*To do*. Drop every picture. Then return, exactly, the lines from the beginning of the listing below through the one containing "2023年新款主卧大床意式轻奢真皮床现代简约1米8双人储物软包婚床".

*Exercise data*.
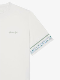 - Short-sleeved t-shirt in cotton. - Crew neck. - Small GIVENCHY signature embroidered on the chest. - Polka flower print on the bottom sleeves. - Small 4G emblem embroidered on the lower back. - Classic fit. - Model measures 6.1 Feet and wears a size M.
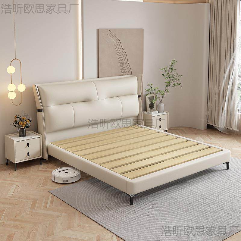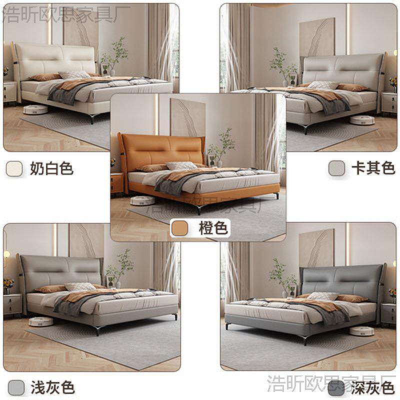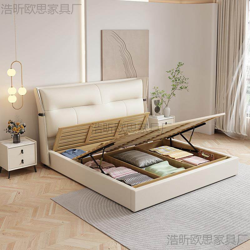 2023年新款主卧大床意式轻奢真皮床现代简约1米8双人储物软包婚床
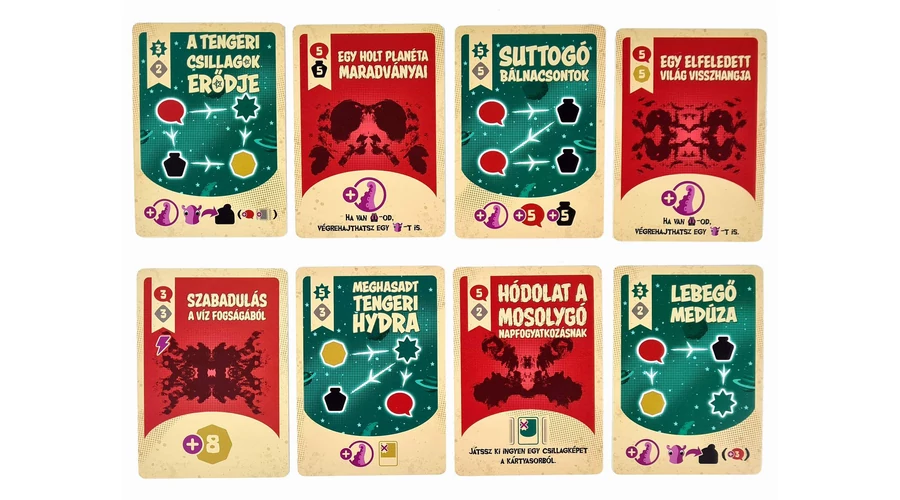 Ezekből megannyi különböző módon építhetik fel maguk előtt a játékosok azt a tablót, ami a győzelmet biztosítja majd számukra.És mindeközben elmerülhetnek a játék szemet gyönyörködtető, humoros és részletgazdag világában, ami a kártyákon látható illusztrációkból és apróvizuális poénokból épül fel szinte abban a percben, hogy a kártyákat először a kezükbe veszik.

*Output*.
 - Short-sleeved t-shirt in cotton. - Crew neck. - Small GIVENCHY signature embroidered on the chest. - Polka flower print on the bottom sleeves. - Small 4G emblem embroidered on the lower back. - Classic fit. - Model measures 6.1 Feet and wears a size M.
 2023年新款主卧大床意式轻奢真皮床现代简约1米8双人储物软包婚床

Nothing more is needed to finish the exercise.